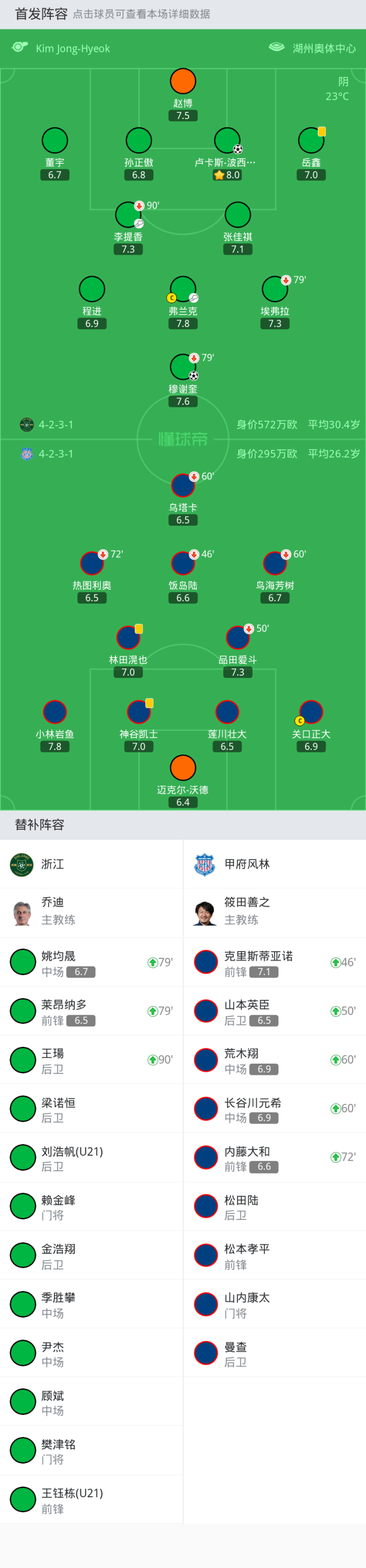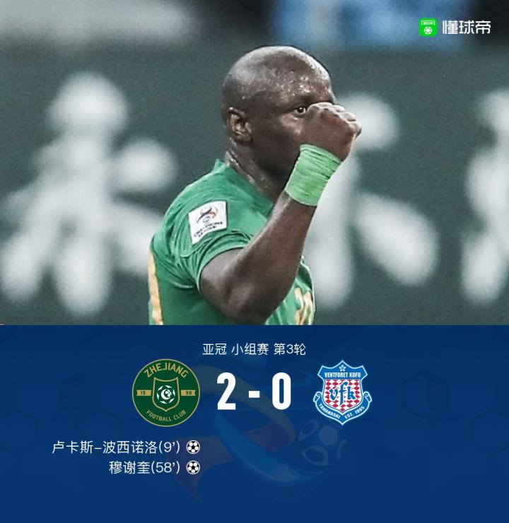 浙江2-0甲府风林,取得重回亚冠首胜,卢卡斯、穆谢奎破门
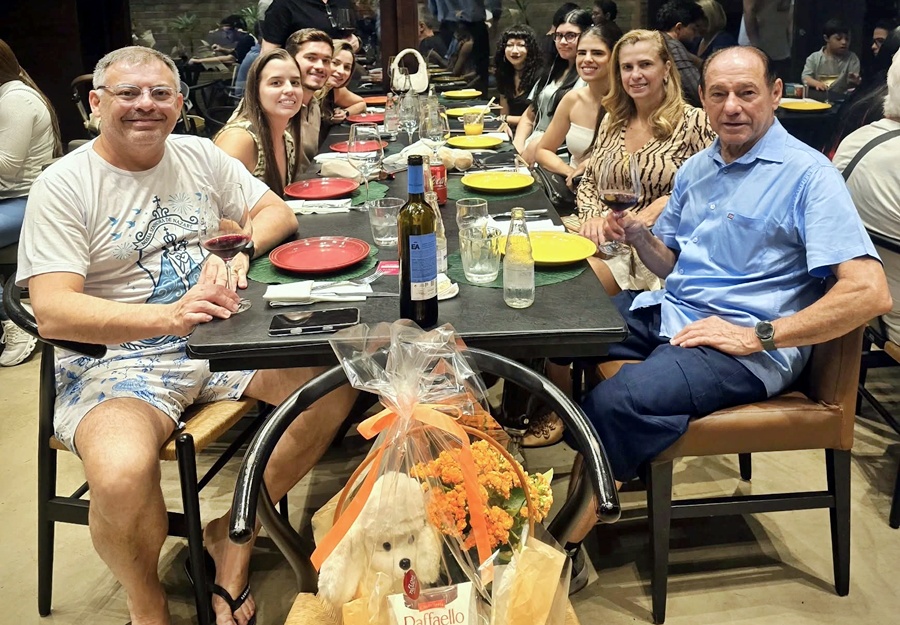 Meu amigo estimado, o empresário Alberto Martins reuniu ontem toda a família no restaurante Moquém do Banzeiro, para um almoço de boas-vindas para sua filha primogênita Camila e seu marido David Dias que voltaram de romântica lua de mel. Coisa boa
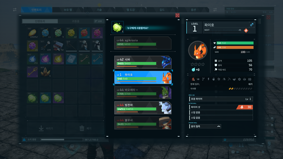 >> 5단계 액티브 스킬을 습득할 팰 선정
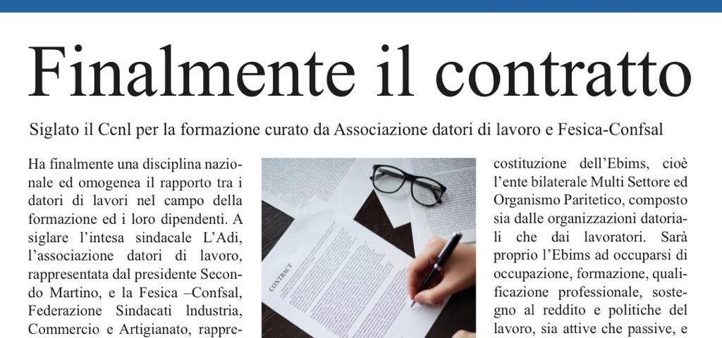 Ha finalmente una disciplina nazionale ed omogenea il rapporto tra i datori di lavori nel campo della formazione ed i loro dipendenti. A siglare l’intesa sindacale L’Adi, l’associazione datori di lavoro, rappresentata dal presidente Secondo Martino, e la Fesica Confsal, Federazione Sindacati lndustria, Commercio e Artigianato, rappresentata dal segretario generale Bruno Mariani. Preziosa l’assistenza della Confsal, la confederazione dei sindacati autonomi dei lavoratori.
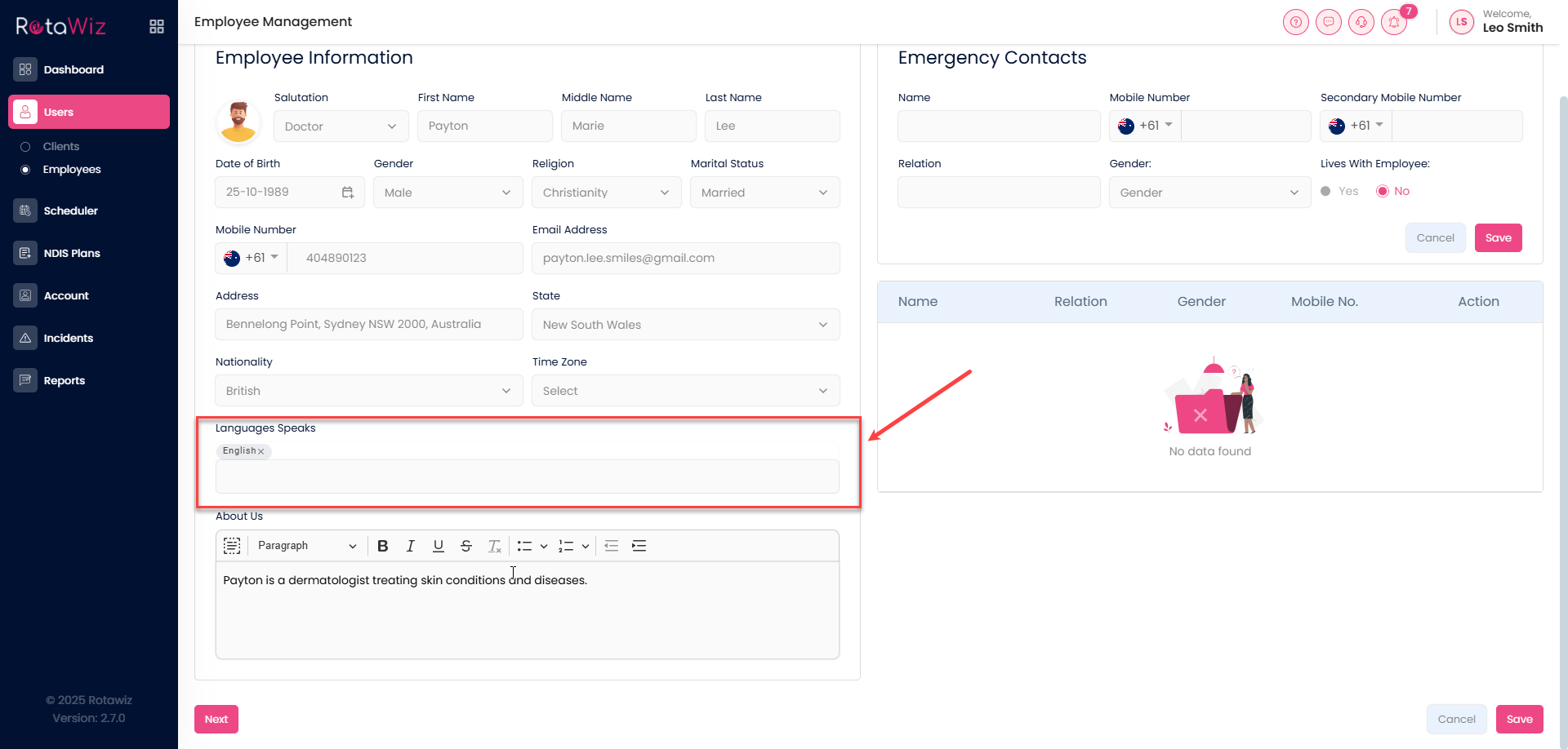 You can easily add the languages that a staff member speaks to their profile. Follow these steps

-.-.-

Exclude the pictures from the copy. Retype exactly the lines running from the one containing "Meu amigo estimado, o" through the last line of the listing.

 Meu amigo estimado, o empresário Alberto Martins reuniu ontem toda a família no restaurante Moquém do Banzeiro, para um almoço de boas-vindas para sua filha primogênita Camila e seu marido David Dias que voltaram de romântica lua de mel. Coisa boa
 >> 5단계 액티브 스킬을 습득할 팰 선정
 Ha finalmente una disciplina nazionale ed omogenea il rapporto tra i datori di lavori nel campo della formazione ed i loro dipendenti. A siglare l’intesa sindacale L’Adi, l’associazione datori di lavoro, rappresentata dal presidente Secondo Martino, e la Fesica Confsal, Federazione Sindacati lndustria, Commercio e Artigianato, rappresentata dal segretario generale Bruno Mariani. Preziosa l’assistenza della Confsal, la confederazione dei sindacati autonomi dei lavoratori.
 You can easily add the languages that a staff member speaks to their profile. Follow these steps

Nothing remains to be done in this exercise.